Supplied information:
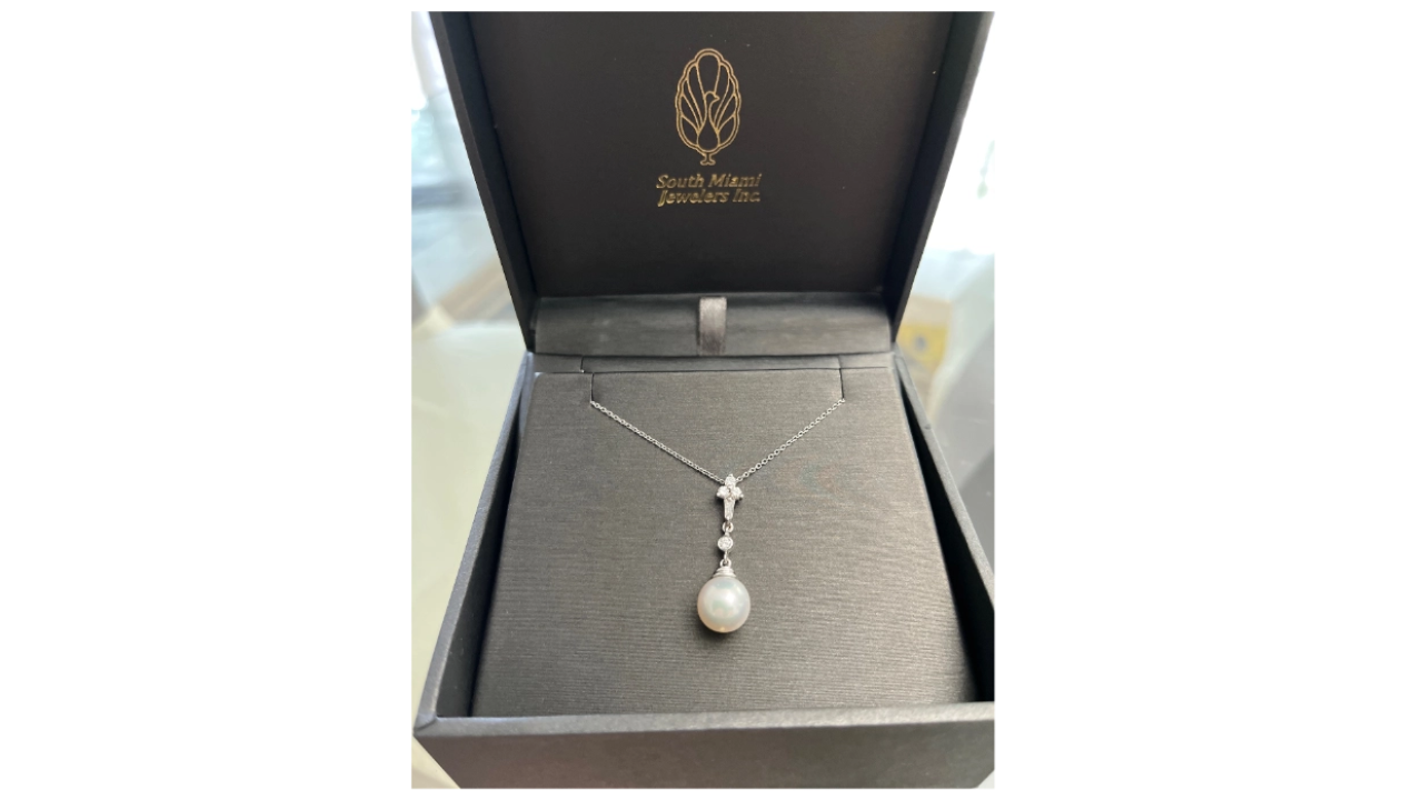 Solitaire cultured pearl and diamond platinum necklace from South Miami Jewelers. Platinum strand size 16 length with 5=.25Tw round diamonds and 10Tw cultured pearl.
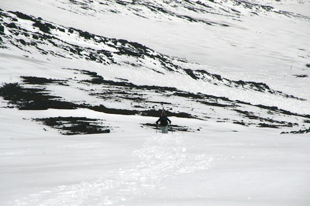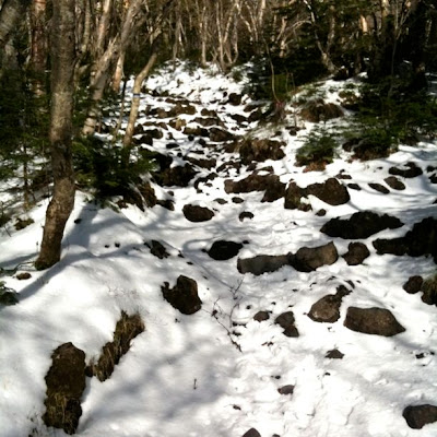 登山道は雪で真白だけど、砂や岩の上をスキーブーツで歩くよりは遥かに快適。
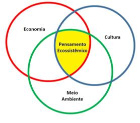 Em sua fala, ressalta o homem como o sistema mais evoluído de todos, um sistema complexo, rico e consequentemente aberto e sob essa perspectiva, propõe ainda a ideia de um ecossistema social que chama de ecossistema sócio-urbano, conformado pela sociedade moderna vista a partir de um olhar ecológico onde estão presentes os indivíduos, os grupos, as instituições, entre outros (Morin, 1984, p. 98) devendo buscar a manutenção de uma relação centrada no equilíbrio integrado: cultura, meio ambiente e economia (Figura 1).

Exercise objective:
The whole of the data above needs retyping exactly, with pictures omitted.

Response area:
 Solitaire cultured pearl and diamond platinum necklace from South Miami Jewelers. Platinum strand size 16 length with 5=.25Tw round diamonds and 10Tw cultured pearl.
 登山道は雪で真白だけど、砂や岩の上をスキーブーツで歩くよりは遥かに快適。
 Em sua fala, ressalta o homem como o sistema mais evoluído de todos, um sistema complexo, rico e consequentemente aberto e sob essa perspectiva, propõe ainda a ideia de um ecossistema social que chama de ecossistema sócio-urbano, conformado pela sociedade moderna vista a partir de um olhar ecológico onde estão presentes os indivíduos, os grupos, as instituições, entre outros (Morin, 1984, p. 98) devendo buscar a manutenção de uma relação centrada no equilíbrio integrado: cultura, meio ambiente e economia (Figura 1).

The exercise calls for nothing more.